Segment Start: Material provided

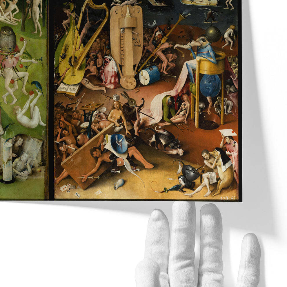 Правая панель раскрывает ужасающую картину ада, населённого демонами и мучающимися душами. Мастерство Босха в деталях и символике поражает: картина становится не просто изображением, а метафорой вечной борьбы между искушением и спасением. Этот триптих до сих пор заставляет зрителей задумываться о природе морали и человеческой души, оставаясь культовым произведением мирового искусства.
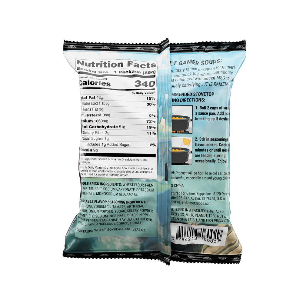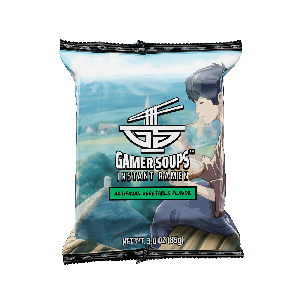 Instant, tasty ramen designed for gamers. Cheap and quick to prepare, our noodle soup is enhanced with added MSG to be deliciously satisfying… IT’S RAMEN!!!
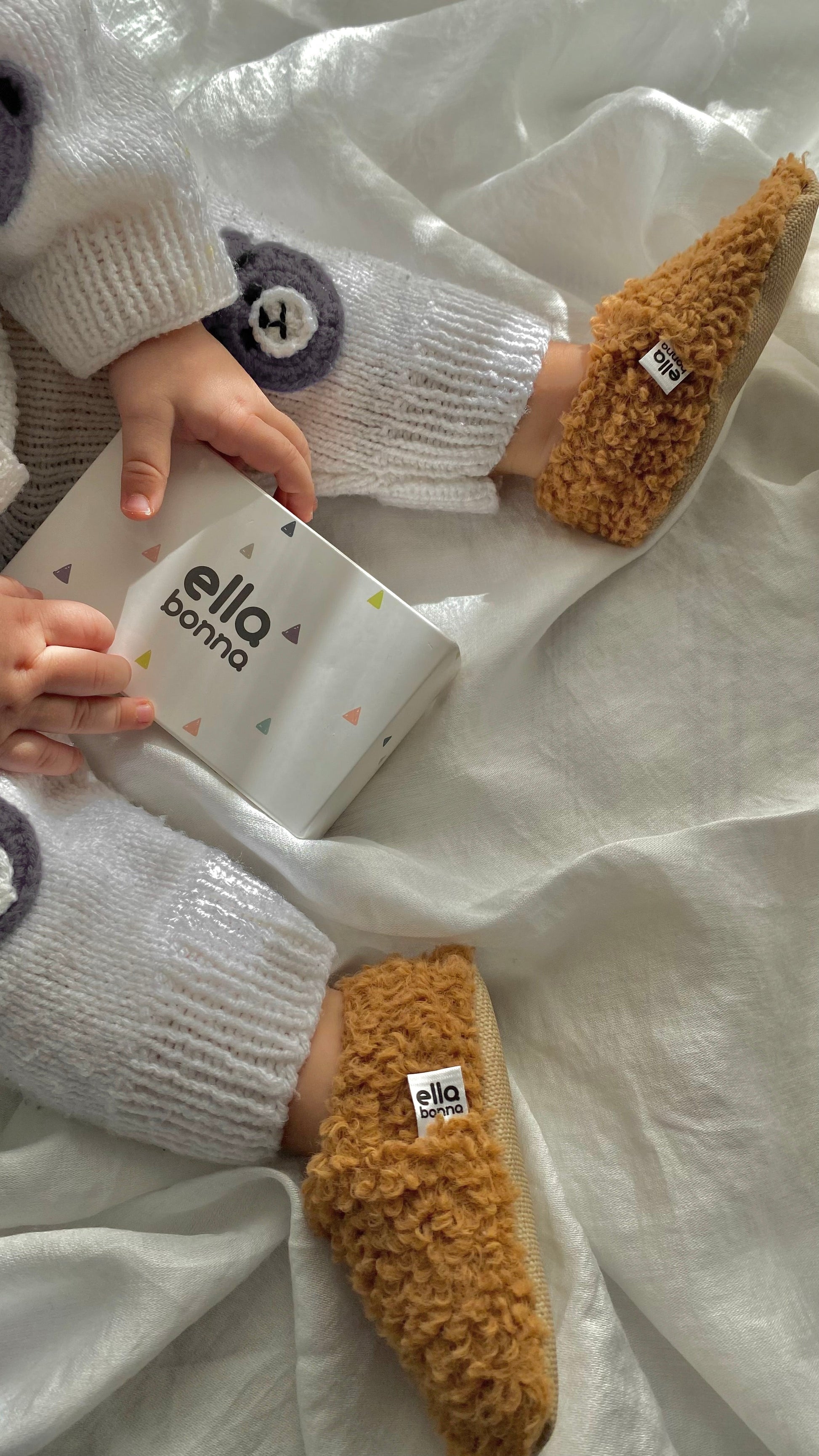 Teddy Baby Booties House Slippers, Non-Slip Sole, Organic Cotton Lining, Home Nursery Shoes Taba
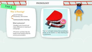 This document provides an overview of phonology, including phonemes, word stress, and connected speech. It discusses what phonemes are, how they differ in meaning between languages, and examples of phonemic writing. It also covers word stress patterns and how stress influences pronunciation. Finally, it discusses language functions like apologizing, greeting, inviting, and the exponents used to express different functions depending on the context.

Segment End: Material provided

Exercise instructions: "Instant, tasty ramen" marks the first line to be returned; return exactly that line and every line after it through the last line of the listing, omitting pictures.

Expected output:
 Instant, tasty ramen designed for gamers. Cheap and quick to prepare, our noodle soup is enhanced with added MSG to be deliciously satisfying… IT’S RAMEN!!!
 Teddy Baby Booties House Slippers, Non-Slip Sole, Organic Cotton Lining, Home Nursery Shoes Taba
 This document provides an overview of phonology, including phonemes, word stress, and connected speech. It discusses what phonemes are, how they differ in meaning between languages, and examples of phonemic writing. It also covers word stress patterns and how stress influences pronunciation. Finally, it discusses language functions like apologizing, greeting, inviting, and the exponents used to express different functions depending on the context.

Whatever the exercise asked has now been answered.